Nicholas Stern: The state of the climate — and what we might do about it

Speaker

Lord Nicholas Stern studies the economics of climate change. He is a co-author of the position paper presented to the UN’s 2014 Climate Summit, called “The New Climate Economy.”, and author of “The Stern Review” on behalf of the British government.

Summary

25 years ago, Everyone in Beijing travelled by bicycle. It was a safe and easy way to get around. Nowadays the roads are clogged by vehicles and the air too polluted to breathe. Over that time Beijing’s population has doubled and China’s reliance on fossil fuels has increased dramatically. China now burns half of the world’s coal, and now recognises that its energy use is unsustainable.

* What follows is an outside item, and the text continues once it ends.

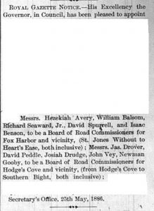 Royal Gazette Notice:– His Excellency the Governor, in Council, has been pleased to appoint … Messrs. Hezekiah Avery, William Balsom, Richard Seaward, Jr., David Spurrell, and Isaac Benson, to be a Board of Road Commissioners for Fox Harbour and vicinity, (St. Jones Without to Heart’s Ease, both inclusive); Messrs. Jas Drover, David Peddle, Josiah Drudge, John Vey, Newman Gooby, to be a Board of Road Commissioners for Hodge’s Cove and vicinity, (from Hodge’s Cove to Southern Bight, both inclusive); …
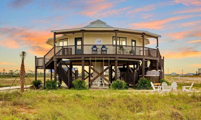 Nestled in a serene location with no other homes on our street and just a short 50’ walk to beach access, this Gold Fortified Round Beach House offers an unparalleled getaway. Bask in stunning views of both Mobile Bay and the Gulf of Mexico from every angle. Whether you’re seeking adventure or relaxation, "The Good Life" is your perfect coastal retreat.

In the next few decades, environmental pressure will increase more due to structural economic changes:  70% of people will live in cities by 2050, energy use will increase by 40% over the next 20 years, and pressure will increase on water, land and forest resources. If this change is managed poorly, there are immense risks to our quality of life and our climate. If greenhouse gases continue to increase at the rates projected, we will see temperatures over the next century which the earth hasn’t seen in tens of millions of years.

The economic changes will happen regardless, but people need to make a decision to deal with climate change. In the area of cities, we need to

  • build new cities in a compact way – to reduce travel time
  • for existing cities, we need to work out how to move people around efficiently.

As an example of improving a city – in 1952 London’s smog killed 4,000 people and reduced vehicle visibility. By regulating coal, smog decreased quickly. A recent congestion charge gave quick results – decreasing car usage in the CBD.

In energy – over the last 25 yrs, energy use has increased by 50% and 80% of the energy produced now comes from fossil fuels. Energy consumption is expected to increase by 40% again over the next 20 years, and we need to make sure it is used efficiently and produced cleanly. California is an example where this has been done well – renewables will contribute 33% of energy consumption within a few years, and greenhouse emissions will reduce back to 1990 levels (economic output has doubled over this time). Similarly, India is being proactive – aiming to install solar electricity to 400 million homes which currently have no electricity. Good decisions are giving quick results around the world.

Regarding forests: they hold valuable species, keep water in the soil and remove carbon dioxide from the atmosphere. But forests are being destroyed – over the past decade we’ve lost forested land the size of Portugal. However, in Brazil the rate of deforestation has reduced 70% by working with communities and enforcing the law more effectively. Ethiopia is also setting ambitious goals – it aims to be a middle economic power in 15 years and to be carbon neutral. Ethiopia is committed to doing this, and Nicholas believes it is a plausible goal.

Across the world, we do understand how to make change effectively. Technology is also moving quickly – better insulation, batteries, electric cars, smart houses. However the world as a whole is not moving quickly – we are not cutting emissions as we should, the depth of understanding in climate change and commitment to change is not there. If changes are managed effectively, the next 100 years will be the best humanity has experienced. If not, the coming century will be humanity’s worst.

My Thoughts

The talk was a call to action. Unfortunately, I’m not sure who the call is for – there wasn’t really a clear action we can take afterwards. It ended with an admonishment of the current political leadership, rather than a focus for the viewers.

Nonetheless, an interesting list of targets. I am particularly curious to see Ethiopia and India’s progress to advance economically and environmentally at the same time. It seems developing countries must tread this line carefully nowadays – and although it is possible it has not been achieved in the past by other countries (US, Western Europe, China all leapt forward economically before significant environmental goals).